Puis cécité ! Tout est immaculé ! Je conçois, confesse, mon âme libre, follement excitée, fiévreusement dévolue ! Le doigt divin m’éffleure ! Non! Sensibilité ! Puis honte ! Contrition ! Pardon ! Clémence ! Démence ! J’avoue…enfin !

Le monde renaît ainsi chaque printemps, seul l’homme s’entête dans sa folie trompeuse ! L’homme ?… cruelle invention ! Œuvre diabolique, obsédée, opiniâtré funèbre ! Son monde artificiel aux cycles chaotiques ruisselle de sang à crédit ! Mégalomanie ! Monomanie délirante et ombrageuse ! Son univers froid, glacial, polaire, n’aspire qu’à la mort, la destruction ! La nature à son cycle scrupuleux, l’homme lui aussi arrive en fin de parcours, les voies de son destin semblent imminentes, inéluctablement scellées ! Voyez-le donc ! Lui ! Ce révolté défiant les dieux ! La nature humble, obéit aux saisons, aux lois les plus évidentes ! Tandis que l’homme, lui les brave, trouble, piétine, écrase, détruit, assèche, brûle l’Harmonie!
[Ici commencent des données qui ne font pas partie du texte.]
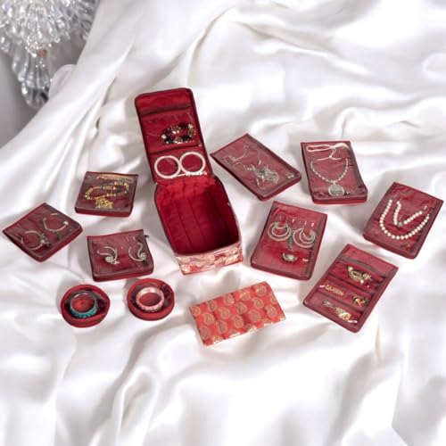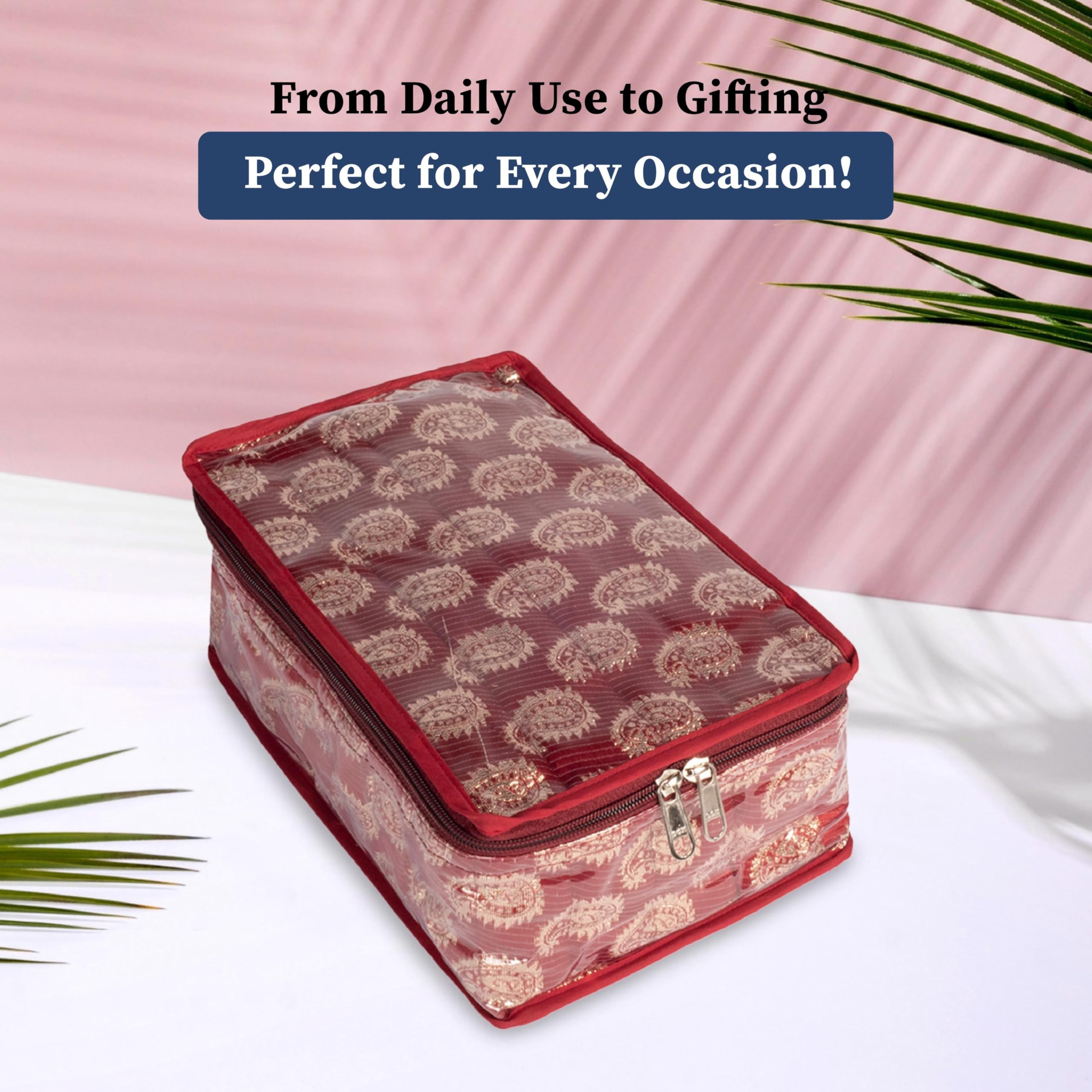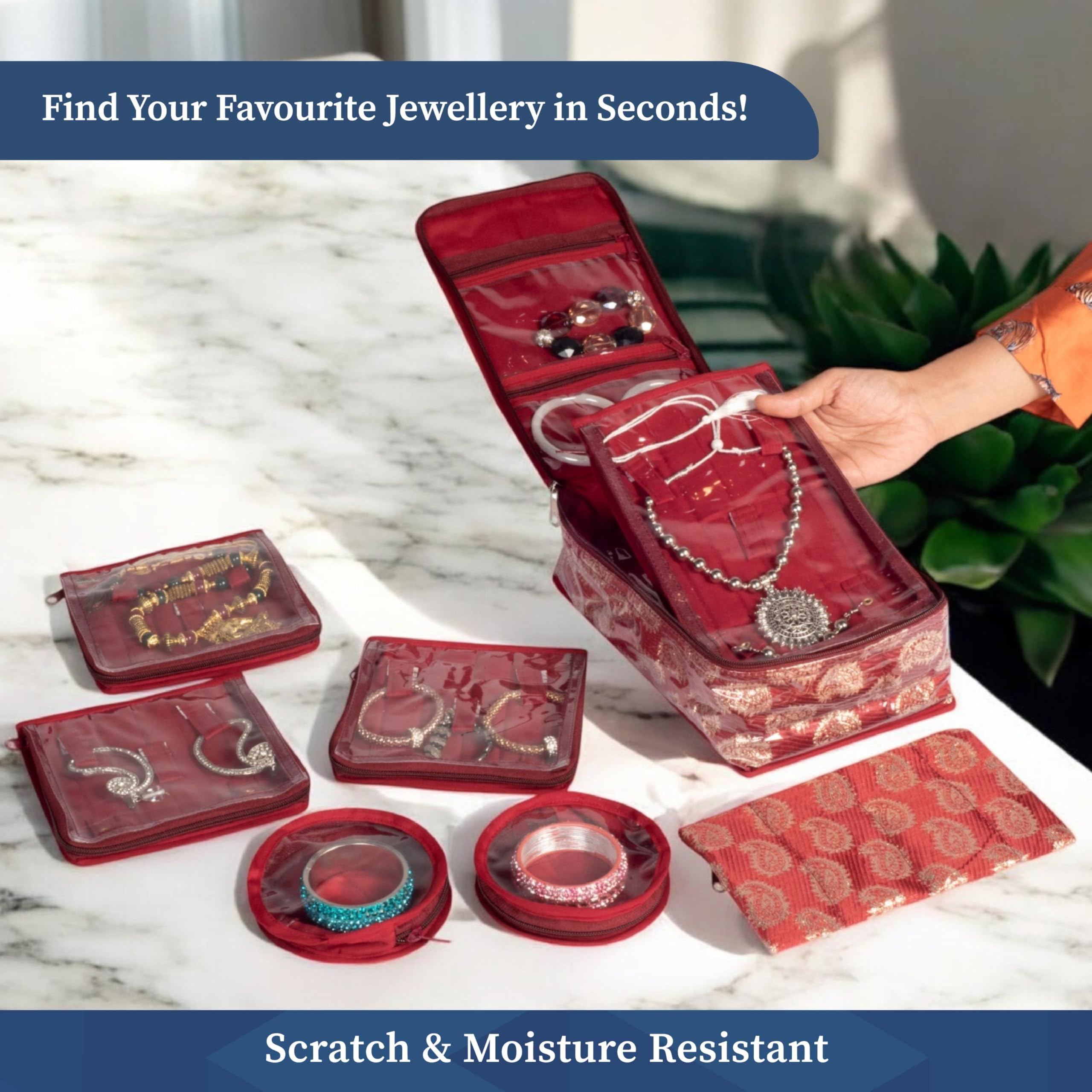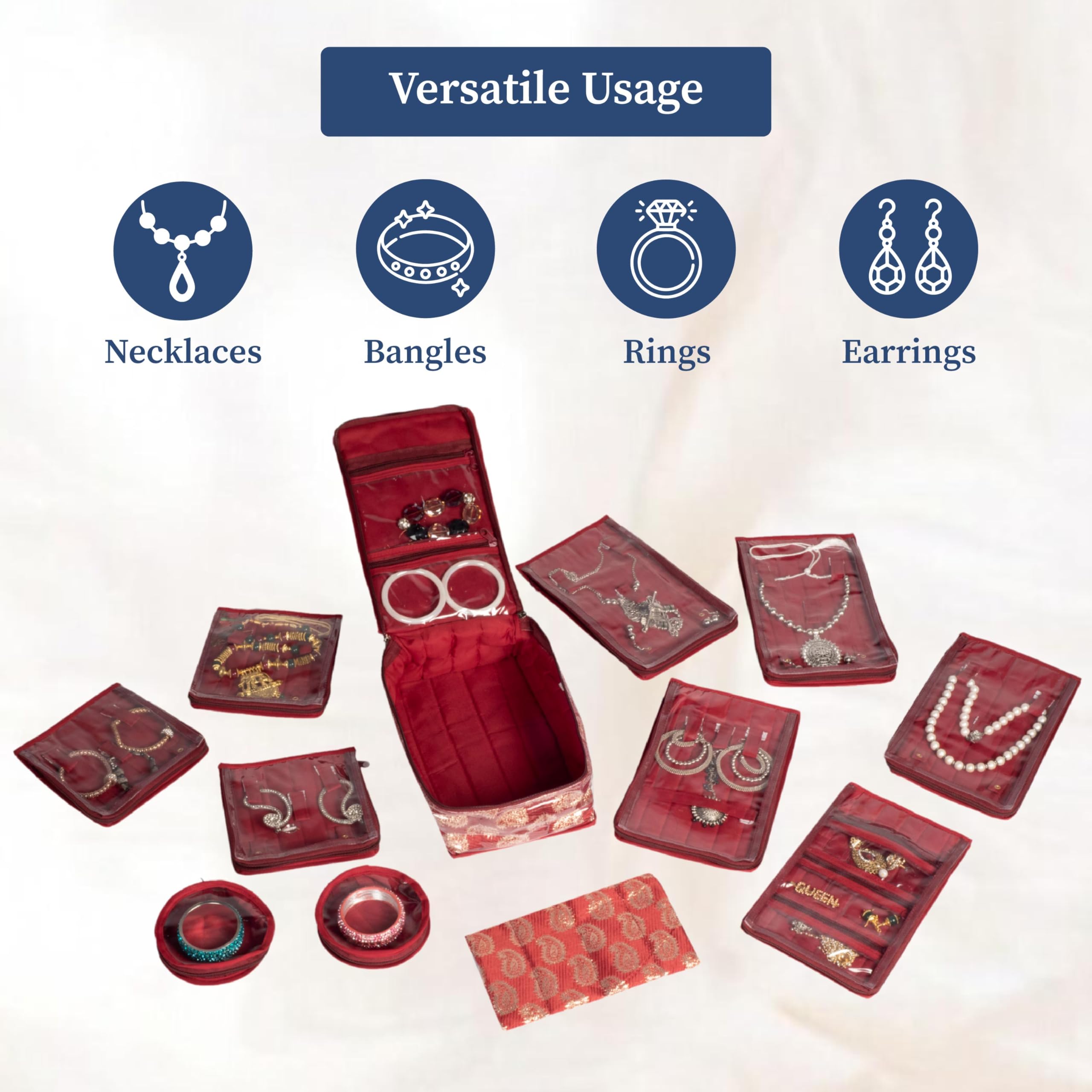 HomeStrap beautiful brocade jewellery organizer/pouch with 12 pouches to store and organize all your jewellery accessories bangles watches etc. This beautiful organizer is made from heavy brocade and laminated from all the sides to protect your stuff inside from dust dirt moisture etc. The inside lining is of satin to further protect your jewellery and accessories from scratches. HomeStrap jewellery organizer contains 12 different size pouches to store thing as per your need different size pouches for bangles necklaces rings earrings watches etc. Best option to organize your jewellery in bank lockers while travelling or even for gifting.

Oh vent doucereux ! Vent qui caresse ! Souffle délicat ! J’entends ton cœur battre dans les arbres! Les feuilles se bercent sur ta poitrine ! Je respire mélodieusement ton pouls ! Je revis ! Je t’ois ! Oui ! Joie aussi !…puis peine. Ah que suis-je donc ? J’appartiens à la race des maudits ! Maudit ! Maudit ! Les maux dits ne peuvent rester vains mots ! Enfin le temps des révélations s’accomplit ! Nos actes se dénudent ! Lumière ! Puis le vent fâché, gronde sa colère ! Tonnerre ! Éclair ! Zippp et zappp ! La foudre zigzague puis s’écrase sur le sol ! Les morts tremblent sous terre ! Personne, nulles âmes ! Tout semble sans vie ! Le silence impérissable triomphe. Écoutez donc sots de la terre, le Requiem de la vie ! Mineure, majeure tonalité ! Danse! Danse ! fleur sauvage . Valse ! pâquerette des champs. Chante ! oiseau fugueur vagabond ! Livrez moi votre génie ! Ivraies vous aussi ! Votre divine méchanceté fait encore jaser les blés innombrables !

Nature ! Mère nourricière! permettez-moi ainsi de vous rendre hommage en ces temps obscurs.